Across from me, Corren made a sound I’d never heard from him before. Not a growl, not a roar—something rawer, broken, scraped out of the bottom of his chest.
He clutched at empty air where the bond had been, eyes wide and unfocused. When they finally found mine, the look in them hit harder than any of the magic had.
Disbelief. Betrayal. A wound so deep it had no shape yet.
The pack reacted like a struck animal.
Some wolves whimpered, ears flattening as the echo of the snapped bond ricocheted through the collective magic. A few doubled over, hands to their chests, as if feeling phantom pain. Elders shouted, their voices tangling into an incoherent roar.
“By the moon—” “She broke it—” “Fated bonds don’t break—” “What has she done—”
Nyra crashed through the edge of the circle, magic biting at her skin, but she shoved through anyway, dropping to her knees beside me.
“Lyrix, Lyrix, look at me,” she said, grabbing my shoulders. “Breathe.”
I tried. Air shuddered in; my ribs resisted. Everything inside me juddered with the sudden hollow where the bond had been, an ache so vast it felt like falling.

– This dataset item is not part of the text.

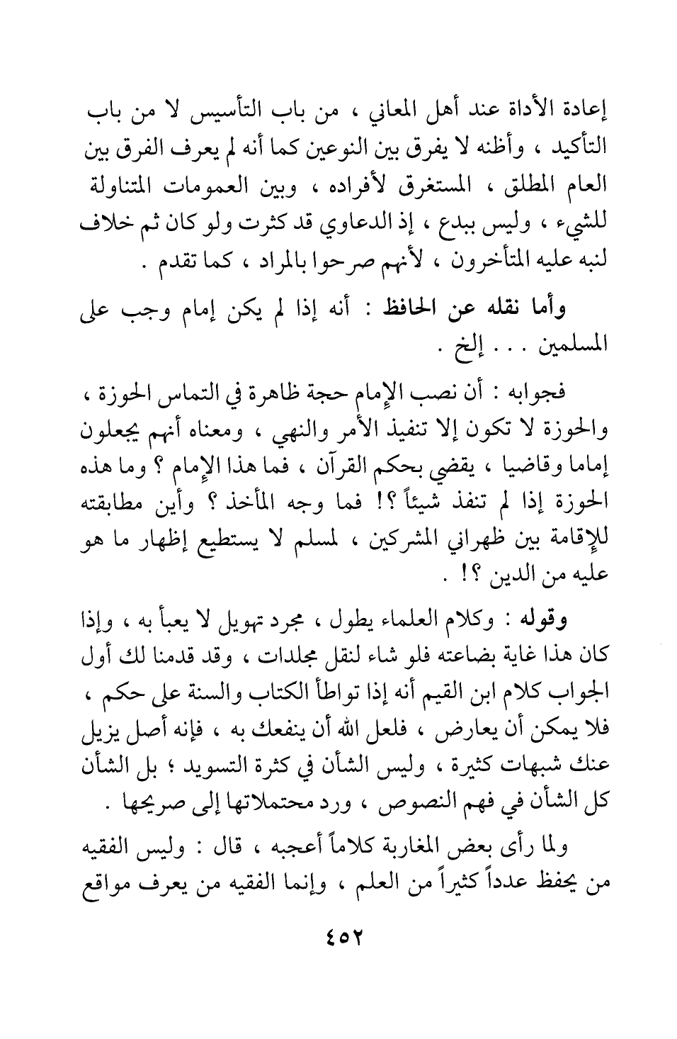 فجوابه: أن نصب الإمام حجة ظاهرة في التماس الحوزة، والحوزة لا تكون إلا تنفيذ الأمر والنهي، ومعناه أنهم يجعلون إماما وقاضيا، يقضي بحكم القرآن، فما هذا الإمام؟ وما هذه الحوزة إذا لم تنفذ شيئا؟! فما وجه المأخذ؟ وأين مطابقته للإقامة بين ظهراني المشركين، لمسلم لا يستطيع إظهار ما هو عليه من الدين؟!.

Then, cutting through the chaos, cold and ringing, came the officiant’s voice.
“Lyrix Venn,” he pronounced, every syllable like a sentence. “Before the eyes of your pack, you have rejected your alpha.”
The words struck harder than any slap.
Rejected. My wolf flinched around that word, wanting to snarl that it wasn’t true, not like that. I hadn’t rejected him. I’d rejected the life they’d built around us like a cage.
But all the pack would hear was the shape, not the meaning.
Across the circle, Corren was still on his knees, one hand on the stone, the other clutching his chest as if he could dig the missing piece back out of me by force of will alone.
“You said you loved me,” he said, hoarse, as if the words were being dragged over broken glass.
I met his eyes through the new, unbearable emptiness between us.
“I do,” I whispered. My voice cracked, barely carrying. “That’s why I couldn’t let them own it.”
His face went blank, shuttered, as if that was the cruellest thing I could have said.
Around us, the forest, the pack, the circle—all held its breath, waiting to see what would break next.